I'm not sure if this helps the discuss, but that's my 2 cents worth.
Quentin




On Fri, 14 Feb 2020 at 18:37, Carl Boettiger <cboettig@gmail.com> wrote:

> Hi Franck,
>
> Thanks for the detailed reply and please let me know if we should move
> this discussion over to a GitHub Issue?  Apologies I wasn't up to speed on
> the more recent discussions than what is on the bioschemas website.
>
> I'm have reviewed the threads you link and I very much share the
> sentiments and objectives you have all voiced there and in this thread
> (avoid the debates, leverage existing schema.org vocab whenever
> possible).  Unfortunately, I'm afraid the new proposals sound quite
> confusing.  It seems the proposal to create a new `TaxonName` implicitly
> means that `Taxon` is supposed to effectively mean "TaxonConcept"?  I agree
> TaxonConcept is not an area of consensus, and it's main purpose is to allow
> for discussion in a world where different authorities have
> conflicting/overlapping notions of TaxonConcept, and I'm really not sure we
> want to go that route.
>
> If Taxon is not meant as "the concept of taxon" then I don't see how it is
> different from a TaxonName.  (This is made even more confusing by the fact
> that "name" is also a Property of a taxon).   I think this new proposal is
> much more confusing than the original!  I acknowledge that the "Concept" of
> a Taxon is different than a name, but I think we would be better off not
> attempting to define a class/Type for "TaxonConcept" (since afik the
> experts haven't done that), and we should let the proposal of "@type":
> "schema:Taxon" mean a name, which is how most people see it.  (At it
> simplest, we should think of "Taxon" as merely a name/label we apply to an
> individual specimen, and not worry about defining the 'class of all such
> specimens).
>
>
>
> Defining the inverse pair `hasSynonym` & `synonymOf` sounds reasonable,
> though I do worry a bit about the complexity.  That is, taxonomically,
> `hasSynonym` implies it is property of an "accepted name", while
> `synonymOf` sounds like a property of "the synonym", but in English
> "synonyms" are symmetric, there's no "accepted" one.  I wonder if
> (paralleling the darwin core terms) it would be better to use the optional
> property "acceptedName" (and not define an inverse property).
>
>   "@type" : "Taxon",
>     "name" : "Rollandia micropterum",
>     "@id": "
> http://www.itis.gov/servlet/SingleRpt/SingleRpt?search_topic=TSN&search_value=
> 1000254"
>     "acceptedName": {
>                       "@type": "Taxon",
>                       "name": "Rollandia microptera",
>                       "@id": "
> http://www.itis.gov/servlet/SingleRpt/SingleRpt?search_topic=TSN&search_value=
> 562791"
>                     }
>
> Does that make sense?
>
> Apologies, not trying to open a can of worms here, just aspiring to the
> same goals of avoiding debate and re-using existing terms!
>
> ---
> Carl Boettiger
> http://carlboettiger.info/
>
>
> On Fri, Feb 14, 2020 at 6:32 AM Franck Michel <franck.michel@cnrs.fr>
> wrote:
>
>> Dear Carl, Leyla (+ Quentin who shall certainly be interested in this),
>>
>> I agree that we should do an effort to better explain how the current
>> recommendation aligns with existing vocabularies, specifically Darwin Core.
>>
>> I'll try to describe how we can solve that.
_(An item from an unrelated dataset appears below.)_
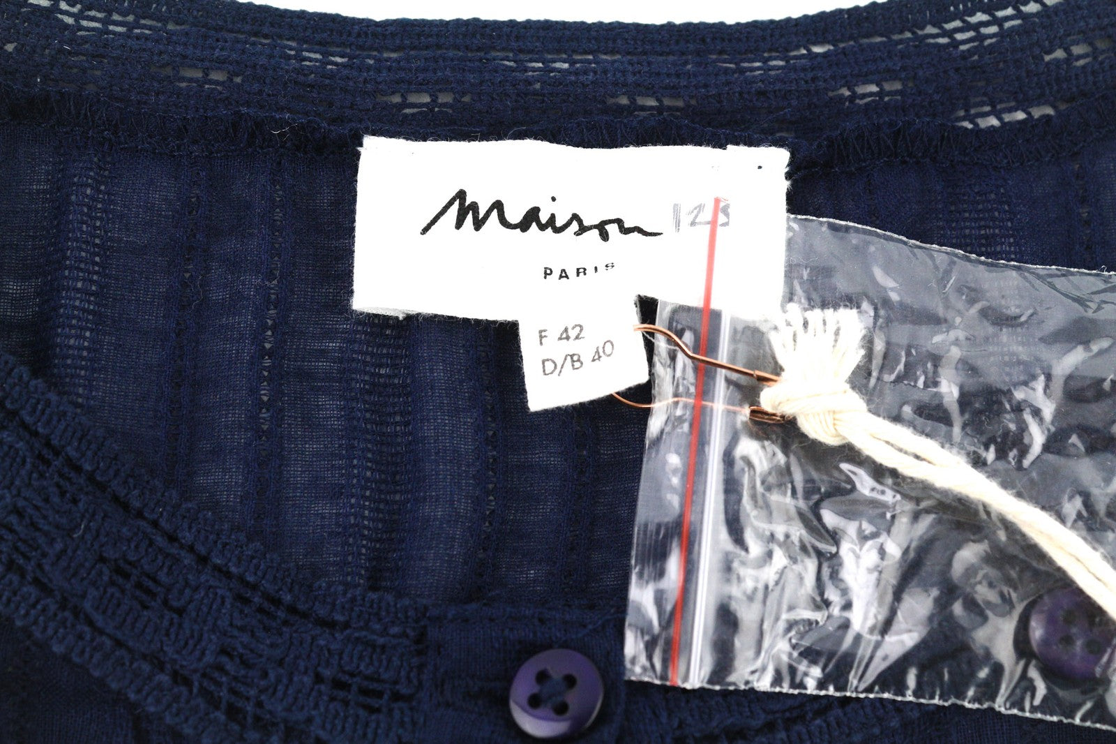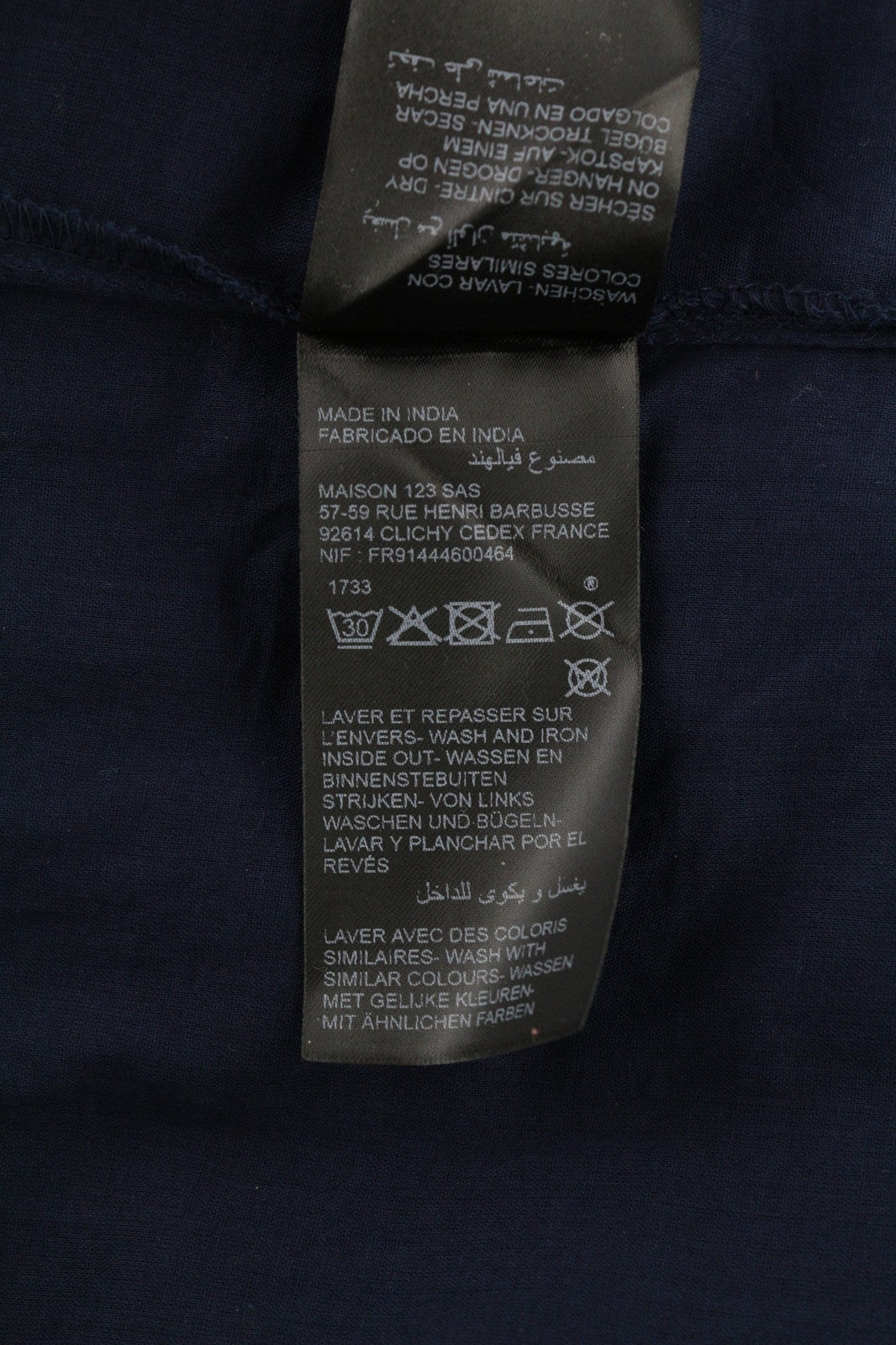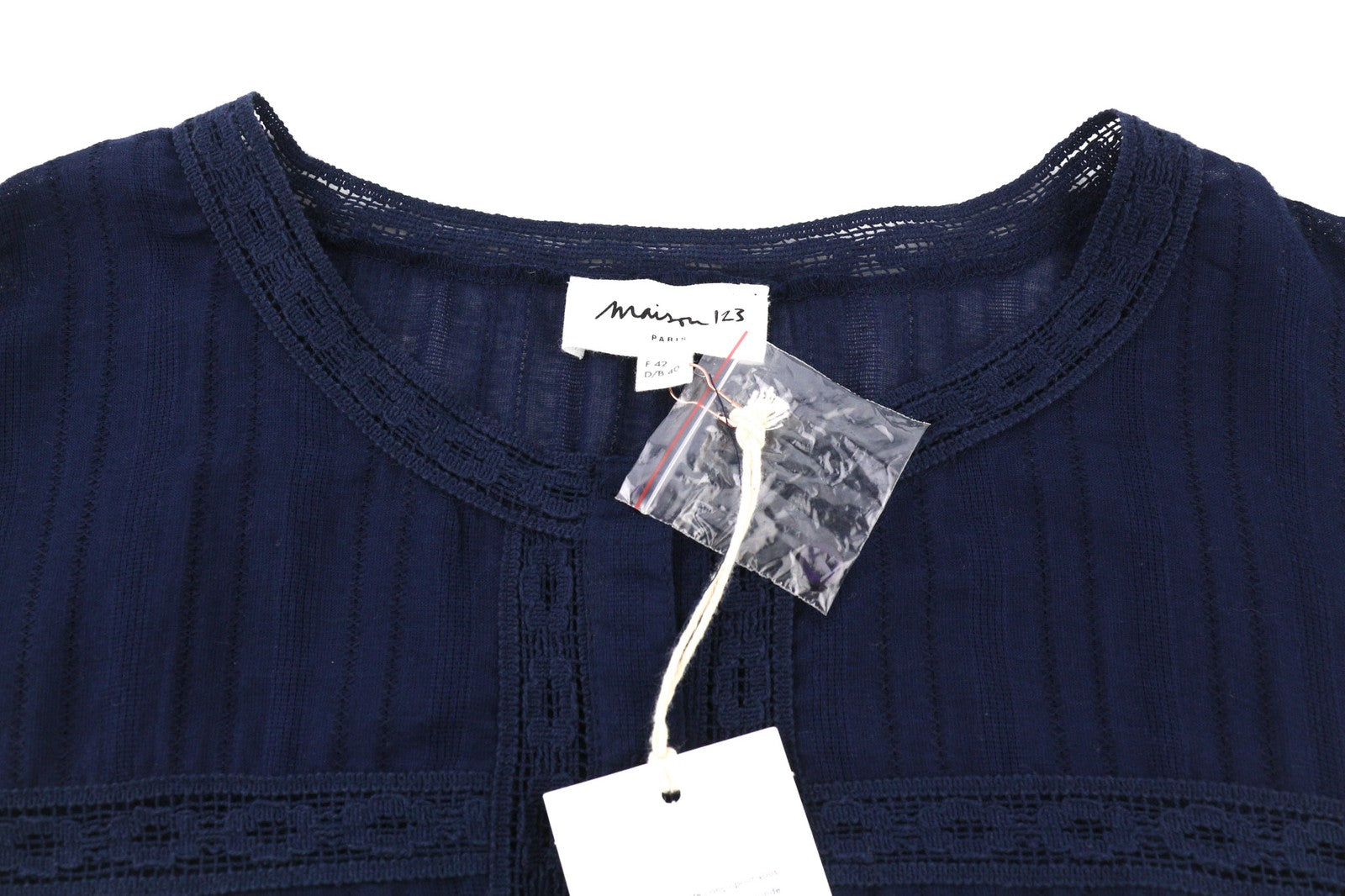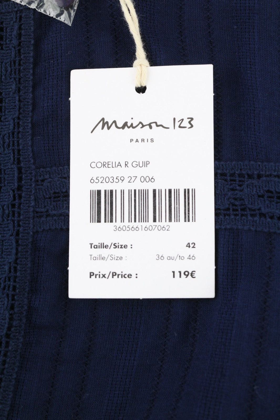 MAISON 123 Corelia R Guip moteriška suknelė 42 tamsiai mėlyna trumpomis rankovėmis su 1/4 sagomis

I'm sorry this email is
>> pretty long, but I don't know how to be clear and short at the same time ;)
>>
>> There have been quite some discussions in the beginning wrt. what the
>> Taxon term shall refer to: a taxon concept? A taxon name usage? etc. Even
>> experts do not always agree on the definition of those terms. So we agreed
>> on two principles:
>> - Bioschemas should not get into experts' debates, but instead remain at
>> a general level where there is consensus.
>> - we should create as little new terms as possible, that is: rely on
>> existing schema.org terms when revelant, and "import" existing terms
>> from other vocabularies when necessary (this is the Taxon *profile*
>> part).
>>
>> A taxon (instance of type Taxon) is associated with an accepted (or
>> valid) name (schema:name), 0 to any number of synonyms
>> (schema:alternateName), and identifiers from other DBs:
>>
>>     "@type" : "Taxon",
>>     "additionalType": [ "dwc:Taxon",
>> "http://rs.tdwg.org/ontology/voc/TaxonConcept#TaxonConcept"
>> <http://rs.tdwg.org/ontology/voc/TaxonConcept#TaxonConcept> ],
>>     "*name*": "Delphinapterus leucas (Pallas, 1776)",
>>     "*alternateName*": [ "Balaena albicans Muller, 1776", "Beluga
>> catodon Gray, 1846" ],
>>     "identifier": [
>>         {   "@type": "PropertyValue",
>>             "name": "WoRMS id",
>>             "propertyID": "https://www.wikidata.org/entity/P850"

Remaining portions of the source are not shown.